New Species Identified as Potential Climate-Resilient Option for New Zealand Aquaculture

Navigating Rising Ocean Temperatures in New Zealand Aquaculture

New Zealand's aquaculture industry, a vital contributor to the economy valued at over $1.1 billion annually and employing thousands, faces unprecedented pressures from climate change.

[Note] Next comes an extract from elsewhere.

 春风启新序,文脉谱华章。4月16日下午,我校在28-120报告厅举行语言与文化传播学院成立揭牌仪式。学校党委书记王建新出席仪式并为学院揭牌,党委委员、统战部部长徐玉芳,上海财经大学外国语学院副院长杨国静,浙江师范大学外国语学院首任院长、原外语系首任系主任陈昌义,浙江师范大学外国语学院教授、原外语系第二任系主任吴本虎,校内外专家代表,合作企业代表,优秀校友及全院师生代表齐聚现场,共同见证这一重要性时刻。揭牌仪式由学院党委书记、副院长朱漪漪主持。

Warmer ocean temperatures, marine heatwaves, and shifting marine ecosystems threaten traditional species like king salmon (Oncorhynchus tshawytscha), the dominant finfish in farms particularly around the Marlborough Sounds. Recent marine heatwaves have led to significant mortalities, prompting researchers to seek climate-resilient alternatives. Enter the Australasian snapper (Chrysophrys auratus), a native warm-water species long prized in recreational fisheries, now emerging as a promising candidate for commercial aquaculture through innovative sea-pen farming and selective breeding techniques.

This shift aligns with national goals to grow the sector to $3 billion by 2035, diversifying beyond cold-water salmon to species better suited to projected warming. Universities and research institutes across Aotearoa are at the forefront, blending academic expertise with industry needs to pioneer sustainable solutions.

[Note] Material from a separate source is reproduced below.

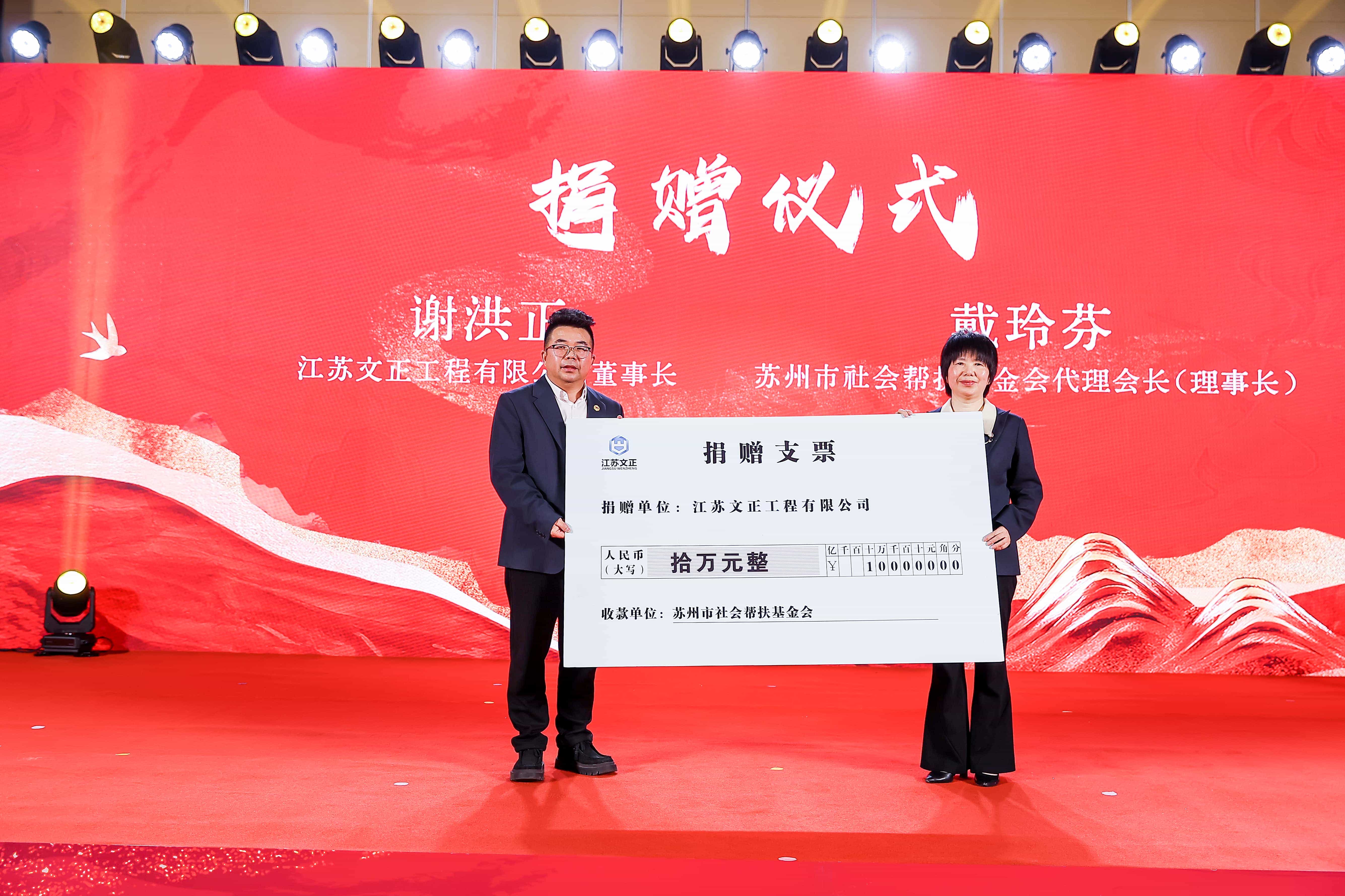 更令人动容的是,董事长谢洪正代表全体文正人现场向苏州市社会帮扶基金会捐款 10 万元,以实际行动践行企业社会责任。苏州市老区开发促进会、乡村振兴促进会、社会帮扶基金会代理会长戴玲芬上台表达诚挚感谢,这一善举不仅温暖了受助者,也让文正的品牌闪耀着人性的光辉,彰显企业担当。

The Landmark Study on Snapper Sea-Pen Farming

A groundbreaking publication in the New Zealand Journal of Marine and Freshwater Research has spotlighted snapper's potential. Titled "Selective breeding and production strategies to support snapper farming in the warming waters of New Zealand’s South Island," the study led by Dr. Maren Wellenreuther details the first comprehensive trial of sea-pen farming for this species in New Zealand. Conducted by scientists at Plant & Food Research in Nelson, with Dr. Wellenreuther also affiliated with the University of Auckland's School of Biological Sciences, the research compared fourth-generation selectively bred snapper (F4) against wild-caught first-generation (F1) counterparts.

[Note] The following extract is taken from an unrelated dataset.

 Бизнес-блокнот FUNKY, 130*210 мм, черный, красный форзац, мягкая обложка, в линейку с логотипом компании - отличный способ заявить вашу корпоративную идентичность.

Over two years, approximately 1,000 fish per group were reared in sea pens in the Marlborough Sounds—a region warming rapidly and challenging for salmon—and land-based tanks in Nelson. Results were compelling: F4 snapper exhibited body length increases of 1.7% in land-based systems and 4.8% in sea pens, with body weights surging 9.8% and 14.2% respectively. Survival rates leaped by 84.2% on land and 60.8% at sea, demonstrating superior resilience to environmental stressors like fluctuating temperatures and winter mortality peaks.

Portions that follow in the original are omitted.